So what you do "on paper" with the 1065 and 1120 are not "conversions" per-se.
I should be able to recognize the passive losses in 2019.
No. Nothing was sold in 2019.
You should have two K-1's. First, you should have a "final" k-1 from the 1065 partnership, and your first K-1 from the 1120 C-Corp. The "final" box should be checked on the 1065 K-1. Then I would expect that 1065 K-1 to show a distribution of assets and capital to you.
Next, the 1120 K-1 should show a capital contribution from you, of the capital and assets that were distributed to you on the 1065 K-1.
Therefore, nothing was sold. So there's no recapture of depreciation (if applicable) and no realization of any losses. All losses, depreciation, assets and capital is transferred from the Partnership to the C-Corp, and you're just a "pass through entity" for that transfer since you have a stake in both the old partnership and the new C-Corp.
@dsross wrote:I am not sure how the partnership (now C corp) handled and reported the proceeds from converting my partnership units to the IRS.

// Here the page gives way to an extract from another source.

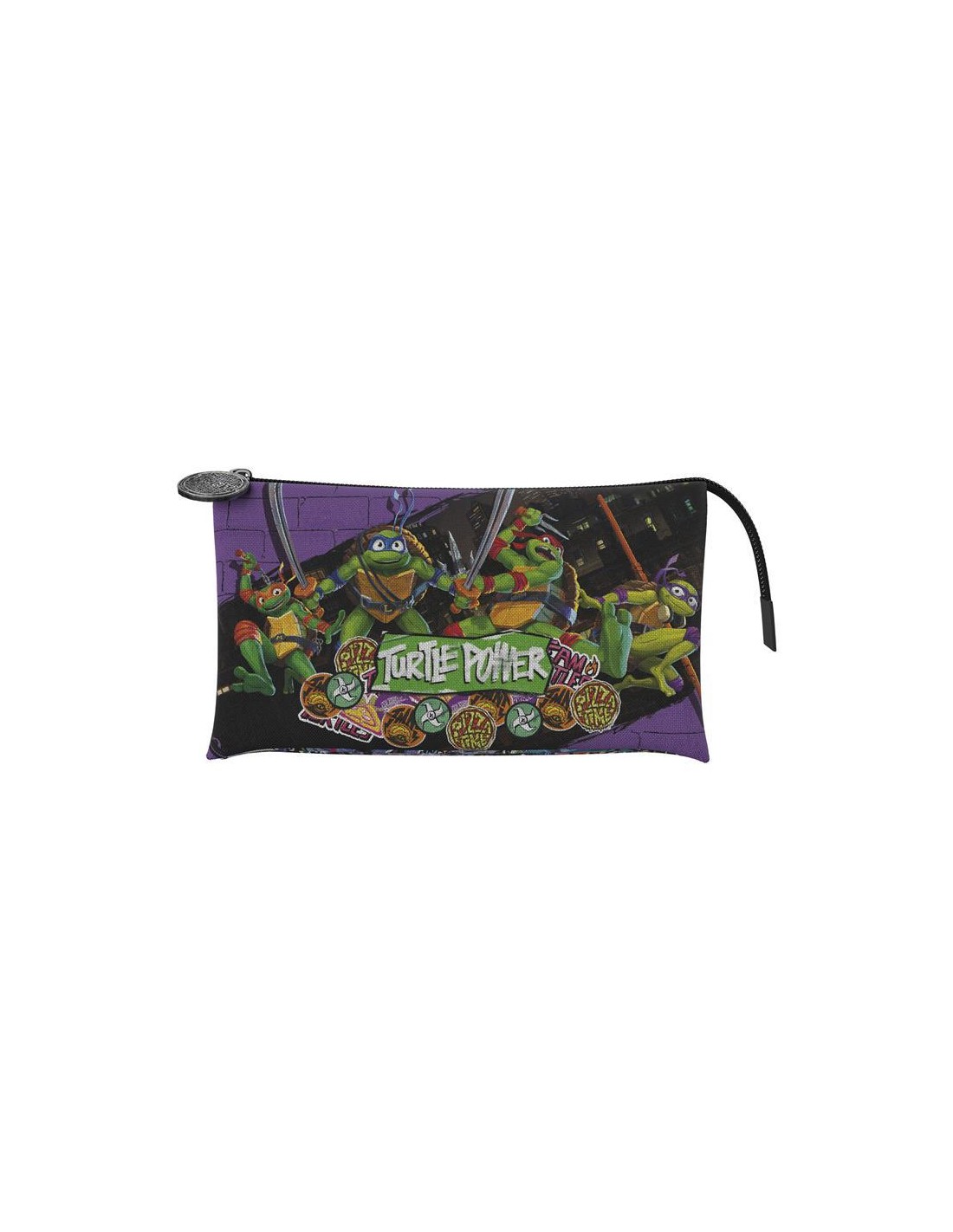 TORTUGAS NINJA: Este estuche de Tortugas Ninja es imprescindible para completar tu mochila escolar en primaria, secundaria o en la universidad.Medidas:23x3x12.5cm CARACTERÍSTICAS: Cuenta con tres amplios compartimentos donde llevarás tu material bien organizado y dos más pequeños ideales para llevar tus cromos, cartas o notas. Tirador metálico de gran resistencia para marcar estilo.

I would suggest contacting the partnership representative (or corporate liaison) and inquiring. Regardless, it appears as if the partnership has terminated after the conversion.
@Carl wrote:You should have two K-1's. First, you should have a "final" k-1 from the 1065 partnership, and your first K-1 from the 1120 C-Corp.
C corporations do NOT issue K-1s.
Thanks for the all the replies so far. To clarify, this was NOT a conversion for tax purposes only.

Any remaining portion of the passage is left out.